For standard UK term assurance or critical illness pricing from a UK composite: CMI tables remain the baseline, the CMI improvement model remains the projection tool, and Whittaker-Henderson graduation of insurer experience remains the A/E adjustment methodology. MDMx does not touch any of these. The infrastructure is regulatory (CMI is embedded in Lloyd’s and reinsurance treaty structures), commercial (reinsurance treaties reference CMI basis), and practical (CMI updates annually with a practitioner governance process that MDMx cannot replicate).
The missing package
Clark’s prior work — SVD-Comp, a related model — is on CRAN as SVDMx. MDMx has no published R or Python package as of the paper’s submission. There is no code to clone and run against your own data.
This matters for practitioners rather than academics. The Tucker decomposition itself is straightforward: tensorly v0.7+ in Python implements tucker with one function call.

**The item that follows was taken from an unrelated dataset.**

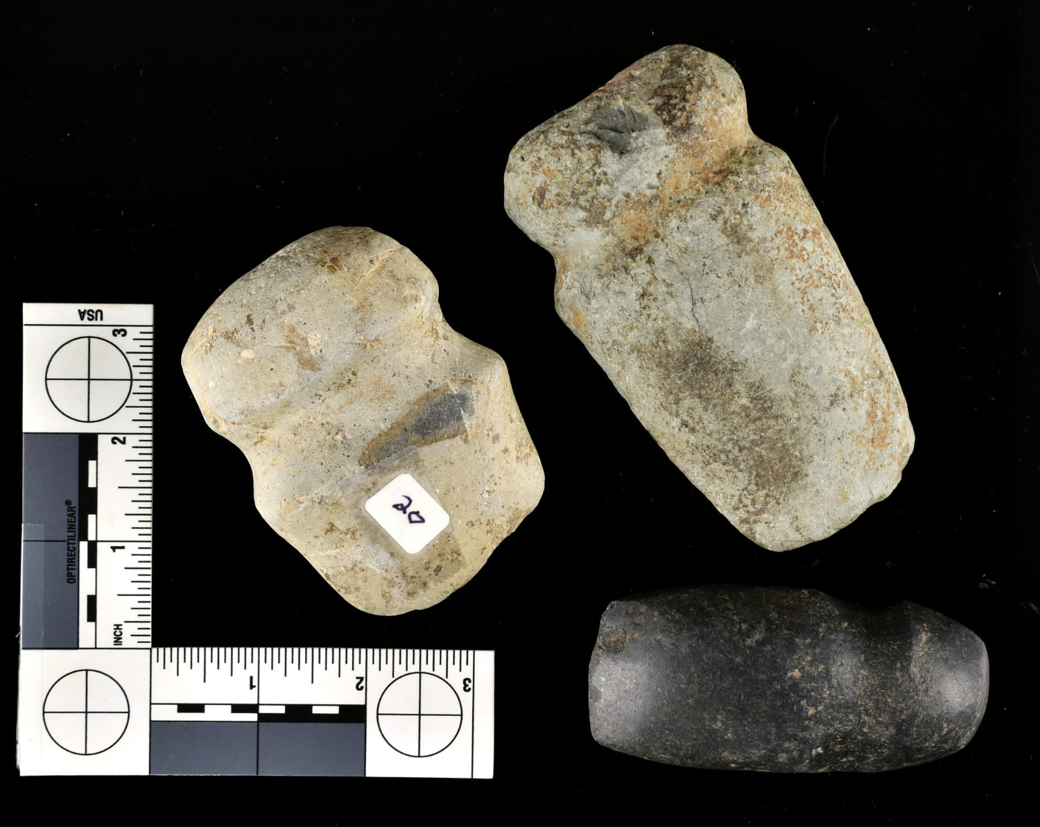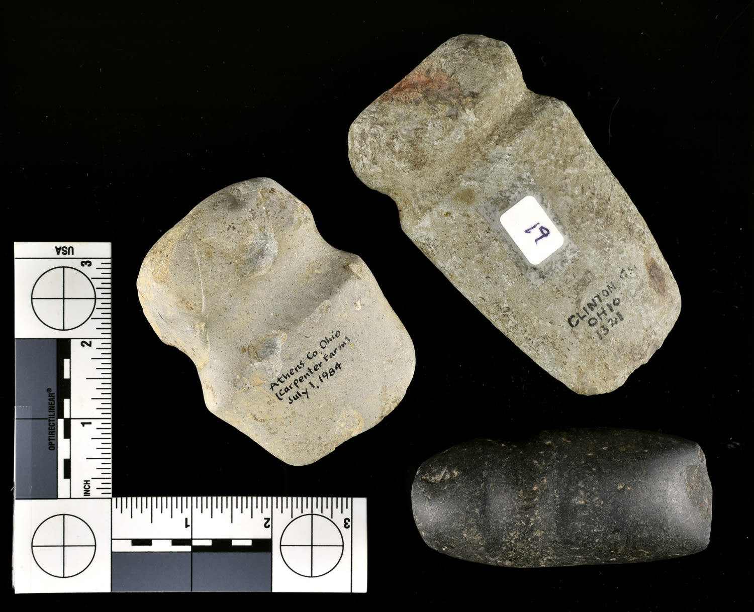Clinton Co., Ohio. Athens Co., Ohio. And one appears to be a Hohokam form from Arizona. All appear to be Diorites. Ex Martin McKibben Collection.

The domain wiring — HMD data parsing, logit($q_x$) transform, the three-stage fitting algorithm, the disruption detection with Laplace approximation, the hierarchical Kalman forecaster — is a substantial implementation project. We estimate a demonstration notebook at a day’s work; a production-quality library at a week or more.
We are watching for a package release. If Clark publishes MDMx in R or Python, the calculus changes and a library post becomes more valuable than this one.
Our position
MDMx is a well-constructed mortality forecasting framework with specific advantages over Lee-Carter that matter actuarially: structural sex coherence, age-pattern flexibility, and disruption detection with a formal evidence measure. The novelty claim is partly overstated — the Tucker decomposition lineage in mortality is 15 years old — but the unified four-task framework and the Kalman forecasting with hierarchical drift are real contributions.
For UK protection pricing teams, it is a benchmark tool. Use it to challenge your CMI improvement assumptions with an international reference, and to document your COVID-period adjustment decisions with something more principled than expert judgment. Do not expect it to replace any component of the CMI-based workflow, because that workflow is embedded in regulatory, reinsurance, and commercial infrastructure that will not move on the basis of a single arXiv preprint.
The FCA scrutiny is coming anyway. Having an internationally benchmarked mortality framework you can point to, when the Q3 2026 final report lands, is a better position than not having one.
arXiv:2603.20518 — “Multi-dimensional Mortality (MDMx)” — Samuel J. Clark, Ohio State University. Submitted 20 March 2026, revised 25 March 2026. No public package at time of writing; prior SVDMx is on CRAN.